GOAL OF THE EXERCISE
Starting with the line below that holds "Fiatalok a szövetkezeti" and stopping after the line that holds "Stiff, 2018 Gesso", transcribe the lines exactly, leaving out all pictures.

TASK MATERIAL
=-=-=-=-=
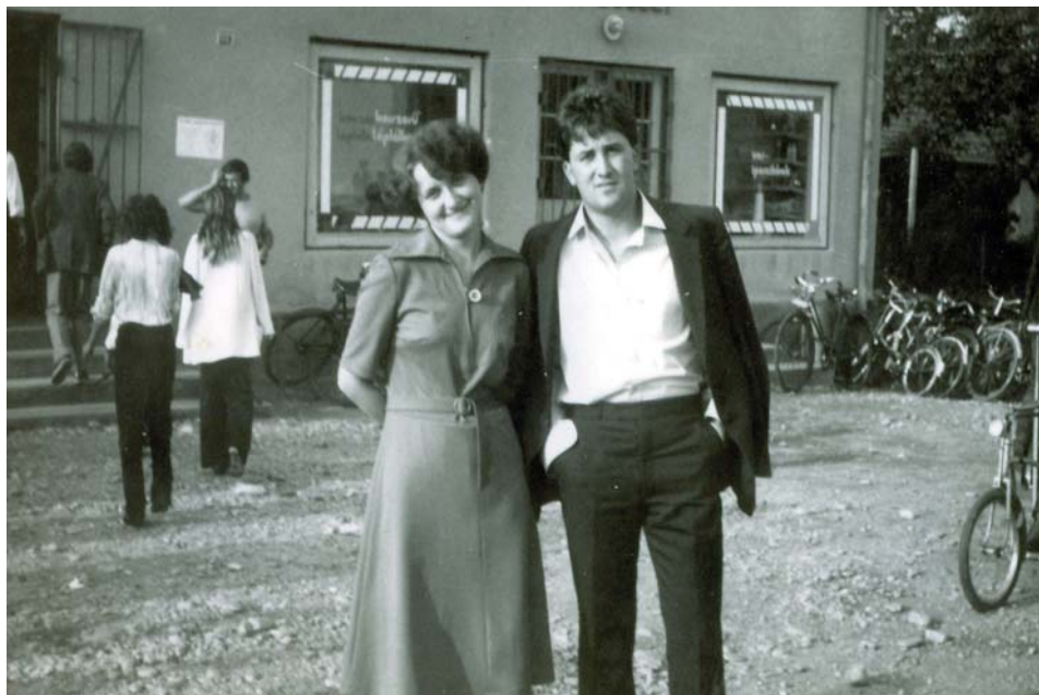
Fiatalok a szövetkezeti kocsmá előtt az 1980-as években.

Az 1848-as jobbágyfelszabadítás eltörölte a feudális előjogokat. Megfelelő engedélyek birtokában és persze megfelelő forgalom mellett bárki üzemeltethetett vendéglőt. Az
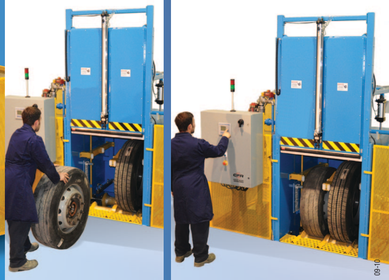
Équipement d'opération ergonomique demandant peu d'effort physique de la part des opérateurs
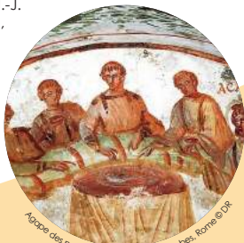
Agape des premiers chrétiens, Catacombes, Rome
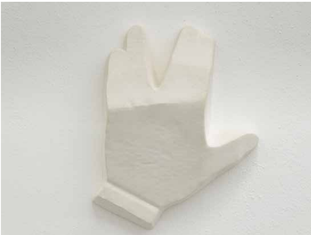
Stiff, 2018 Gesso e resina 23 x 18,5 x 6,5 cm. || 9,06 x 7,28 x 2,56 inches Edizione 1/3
=-=-=-=-=
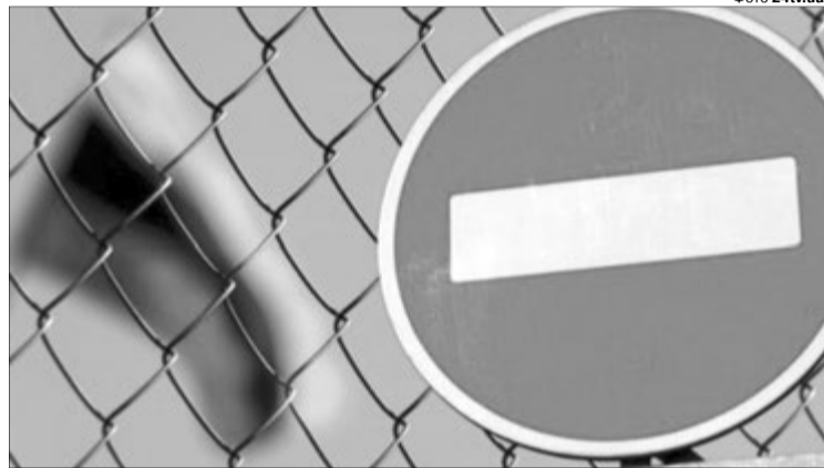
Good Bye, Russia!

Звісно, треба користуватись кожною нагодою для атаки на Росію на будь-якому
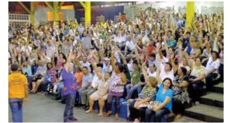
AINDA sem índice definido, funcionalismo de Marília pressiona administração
=-=-=-=-=
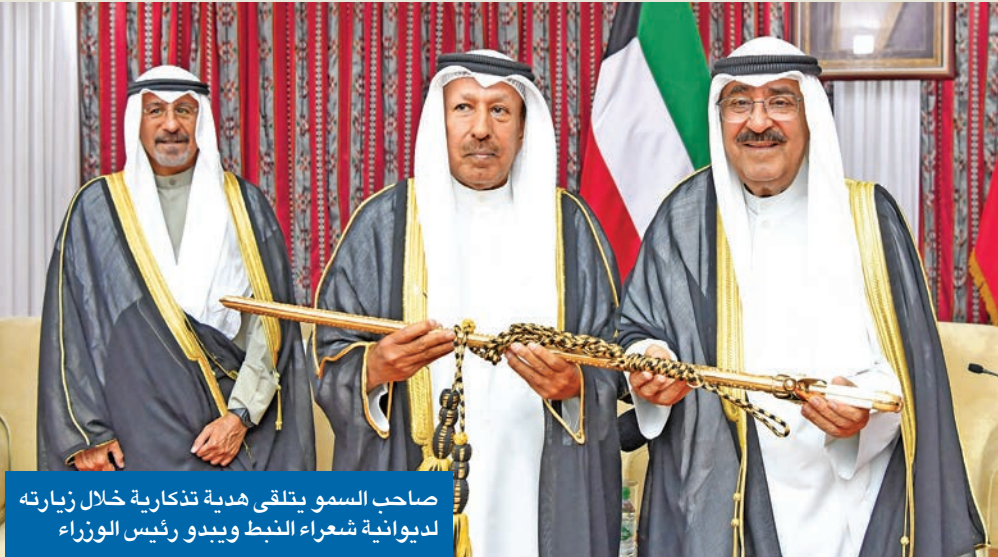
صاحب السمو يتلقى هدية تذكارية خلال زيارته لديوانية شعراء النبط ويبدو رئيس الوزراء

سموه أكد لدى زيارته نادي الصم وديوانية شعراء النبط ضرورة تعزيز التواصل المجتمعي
=-=-=-=-=
EXERCISE SOLUTION
Fiatalok a szövetkezeti kocsmá előtt az 1980-as években.

Az 1848-as jobbágyfelszabadítás eltörölte a feudális előjogokat. Megfelelő engedélyek birtokában és persze megfelelő forgalom mellett bárki üzemeltethetett vendéglőt. Az
Équipement d'opération ergonomique demandant peu d'effort physique de la part des opérateurs
Agape des premiers chrétiens, Catacombes, Rome
Stiff, 2018 Gesso e resina 23 x 18,5 x 6,5 cm. || 9,06 x 7,28 x 2,56 inches Edizione 1/3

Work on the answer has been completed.